* [Required action]
The line containing "메가박스에서 인사이드 아웃" marks the end: extract everything from the first line of the data through that line, exactly, with no pictures.

* [Source data]

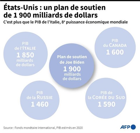 | Infographie comparant le plan de soutien à l'économie américaine présenté par Joe Biden et les PIB d'une sélection de pays. |
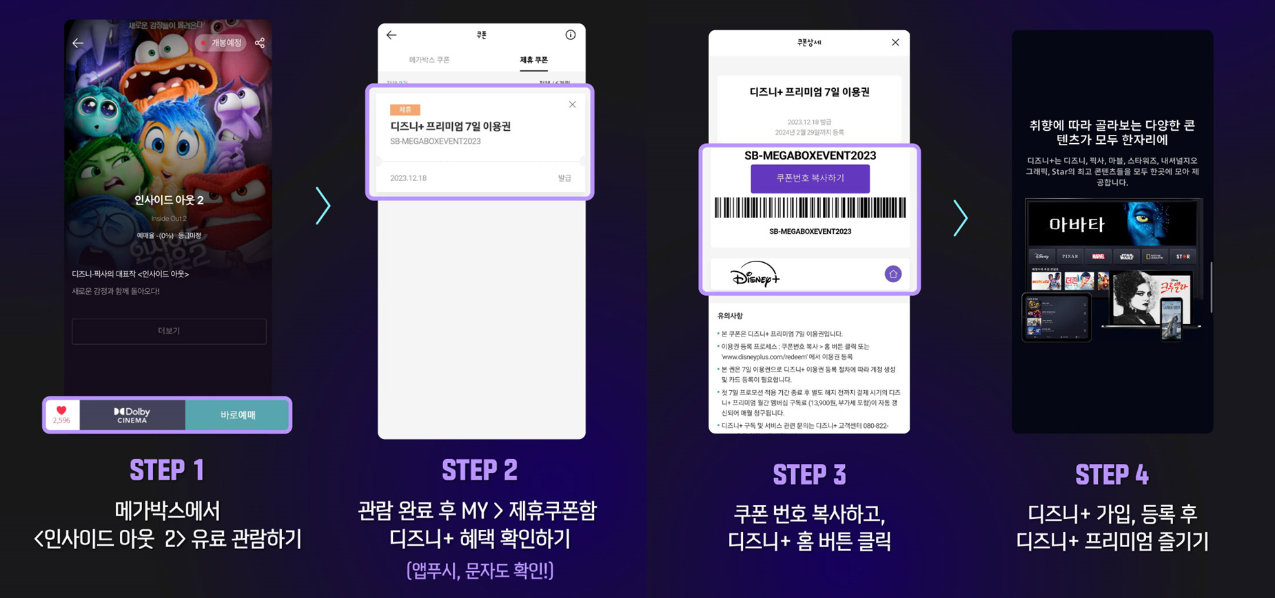 메가박스에서 인사이드 아웃 2 관람하면 디즈니+ 프리미엄 7일 이용권 혜택을 받을 수 있습니다.
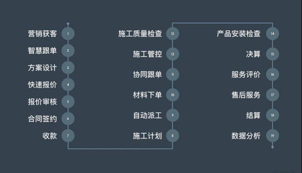 从业主角度来看,如何快速找到施工质量较好、服务优质的装修公司以及价格实惠的家装产品是业主的主要需求。对于装修公司来说,如何实现低成本获客与采购,高效的客源转化以及良好的施工交付是装企亟需解决的问题,但目前大多数装企并没有特别有效的解决方案。没有核心竞争力,管理效率低下,各项成本高,入不敷出是这些公司在经营上主要存在的问题。这些问题的出口,必定会转嫁到装修业主身上,例如工程延期、装修过程不透明等现象引发业主不满,家装公司只能勉强维持“一锤子买卖”,苟延残喘直至走向末路。“将信息化的科技力量引入对人高度依赖的传统家装行业”是提升企业效率,改变家装公司当前经营状况的突破点。
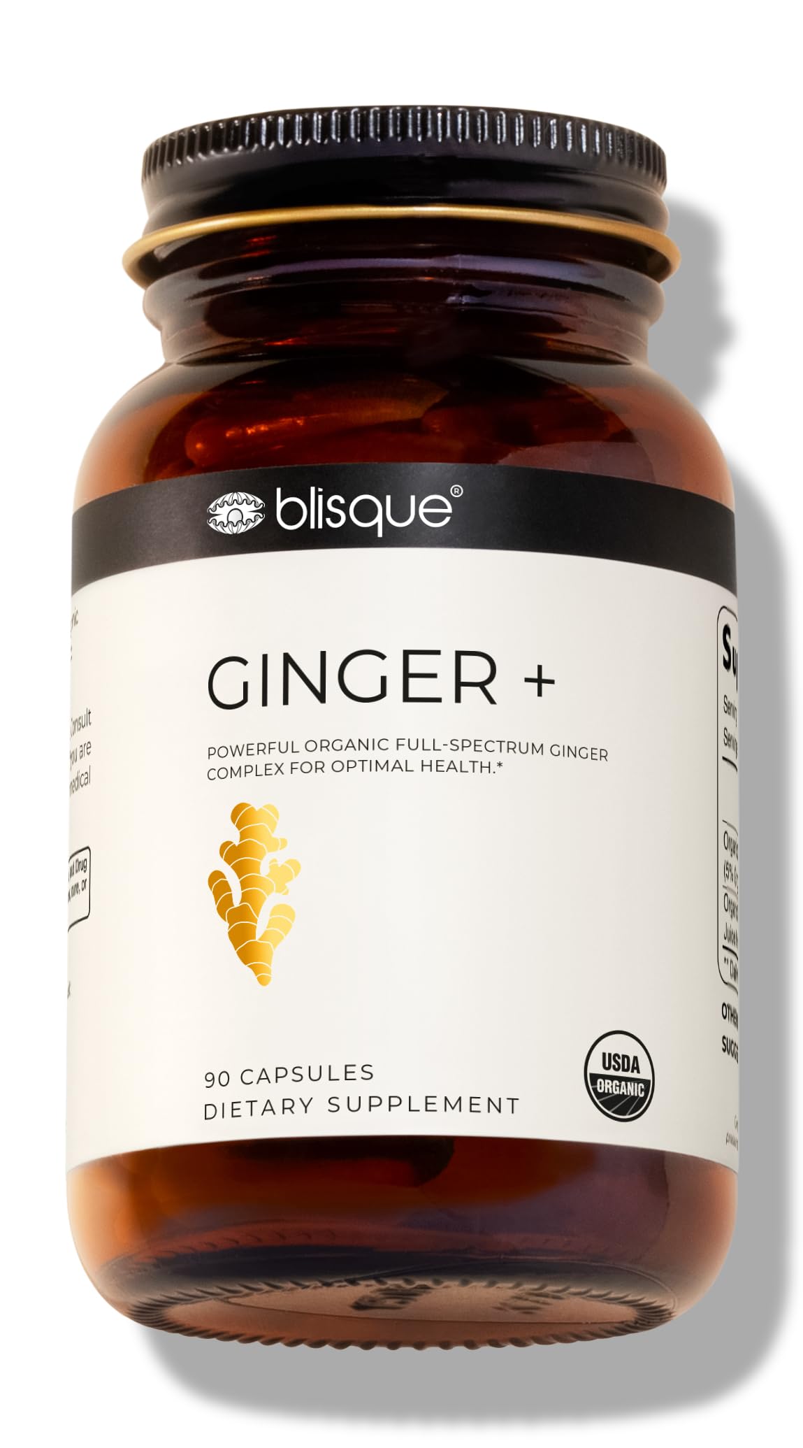 Blisque - Organic Ginger Supplement | for Digestive System Joint Support and Heart Health | 90 Capsules

* [Written answer]
 | Infographie comparant le plan de soutien à l'économie américaine présenté par Joe Biden et les PIB d'une sélection de pays. |
 메가박스에서 인사이드 아웃 2 관람하면 디즈니+ 프리미엄 7일 이용권 혜택을 받을 수 있습니다.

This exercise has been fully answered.